4. Team up – Marian Shapiro

‘I find being committed to do something for someone else and not wanting to let them down is a good motivator, so how about a challenge where people find a partner, team up with them remotely and both work from the same inspiration, concept or picture.’ This challenge could work in one of two ways:
 
1. Both people work on a mosaic using the same inspiration.
2. Each person starts work on a piece and then you swap them part way through, letting your partner finish off the piece. This is an interesting way to work as it disrupts your usual flow and you have to respond to what is there.
 

5. Transitions – Kelley Knickerbocker

‘Transitions = a change from this to that. Response to the pandemic means going through some pretty stressful transitions (when will we travel and hug again?!) Most of those transitions are beyond our control but the transitions between materials in mosaic? We got this! So many ways to go...
 
1. The rag rug approach: Grab any leftover materials and ‘weave’ them together one after another in a continuous line, repeating occasionally for continuity.
2. The whole-in-one approach: Take one material and see how many ways you can transform it: order, size, shape, texture, activity (tipping)
3. The ‘cheat’ approach: Cut up a material with a built-in transition and let the pieces that contain both colours be starting points for andamento lines in those colours in corresponding materials.
4. The three musketeers approach: Choose a light, medium and dark material and work from one end of the value spectrum to the other. (Try transitioning in another way at the same time; size, texture, activity, spacing etc)
5. The fade-out approach: Start tight then slowly increase the space between tesserae and decrease the size of the tesserae for a tight-to-loose transition. (Try a concurrent transition such as light to dark, matte to shiny, smooth to rough, calm to active etc.)’
 

6. Monochrome – Marian Shapiro

‘Make a mosaic using just one colour.
 
Why?  By stripping one element from your process, it makes you focus on the others. Without colours to identify an object, you must focus on the form, the andamento, and the spaces in between the tesserae. For me, working within constraints challenges me to be inventive and find alternative ways of solving problems.
 
You can use shades and tints of that one colour, for example light blue, mid blue and dark, and any materials or mix of materials you like, but no other colours apart from your chosen one. My examples are mostly pale and neutral colours, and mostly abstract but yours don’t have to be. Try doing something realistic using a monochrome palette.’
 

Making a submission

Entries must be submitted via our Curatorspace page: https://www.curatorspace.com/opportunities/detail/prompted/4652

When you submit your image(s), you will be required to provide details about the work, e.g. title, materials, dimensions etc. We will also ask for your website address, social media and contact details. If you would welcome sales enquiries, please also provide the selling price for your work and a note of how potential buyers should contact you or mark it as NFS (not for sale). BAMM will not be involved in any sales of work from the exhibition and will not take any commission.

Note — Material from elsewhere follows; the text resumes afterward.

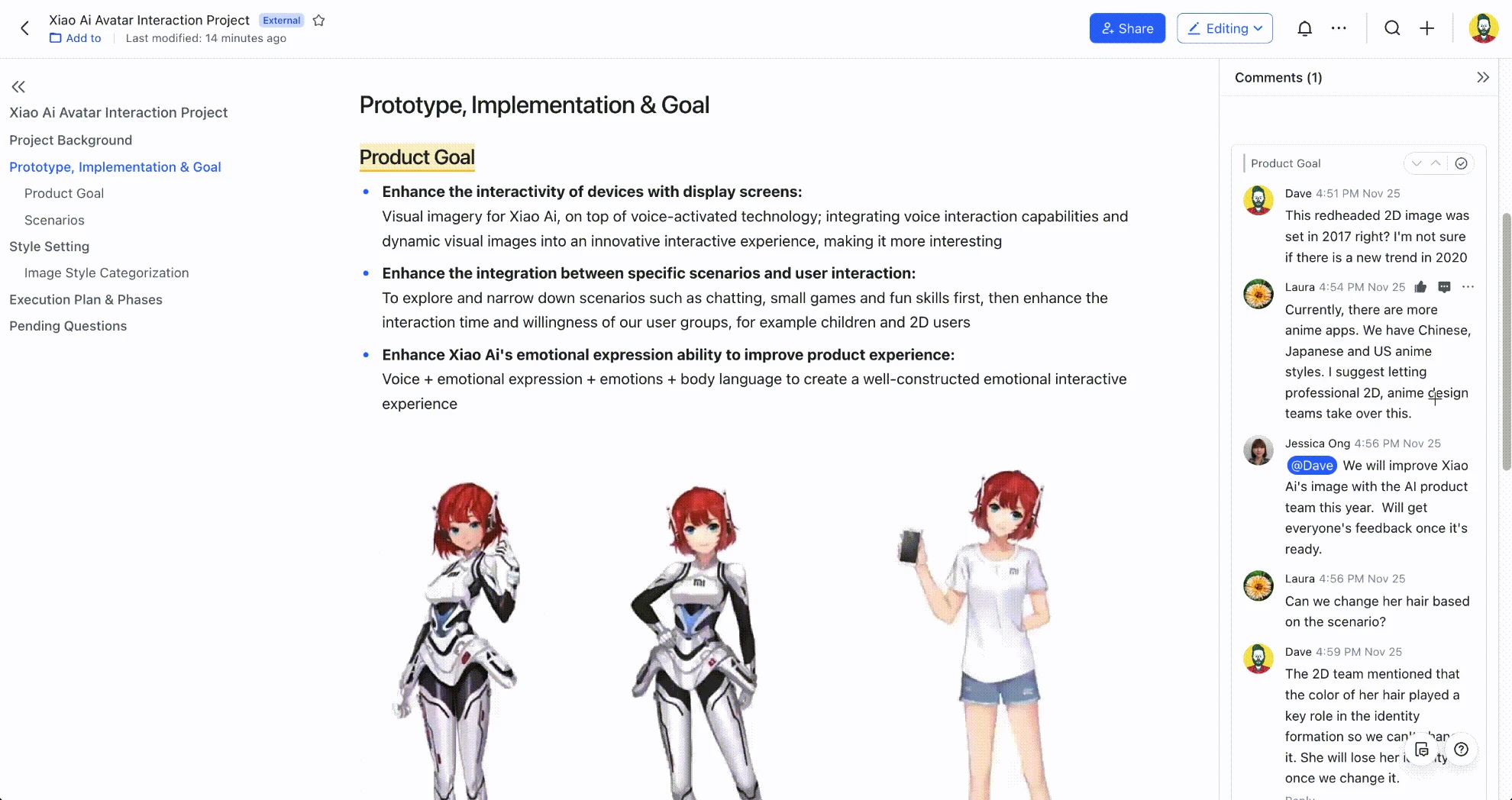 Sử dụng phương pháp SamePage Meeting của Lark, Xiaomi đã tiến hành một brainstorm với 90 người để tạo hình đại diện mới cho trợ lý kỹ thuật số AI của họ, Xiao Ai. Kết quả? 200 nhận xét trong một cuộc họp kéo dài một giờ, với hơn năm nhóm chủ đề được tạo sau đó.

It is critical that the images you submit are of high quality and fully comply with the outlined criteria.

You must be a member of the British Association for Modern Mosaic to submit your work. If you are not a member and would like to take part, details of how to join are on the BAMM website: www.bamm.org.uk/membership

The deadline for receiving submissions is midnight, Sunday 23rd August 2020.

 

The Exhibition

We are hoping to receive lots of submissions so that we can create an interesting and exciting exhibition to represent BAMM members from across all regions. The exhibition will be arranged in a series of gallery spaces, each displaying between 15 and 20 works, depending on the actual submissions received.

The professional artists who created the prompts for us are being invited to select works of outstanding merit from the exhibition. Certificates will be awarded to 1st, 2nd and 3rd place finalists and there will also be a People’s Choice award.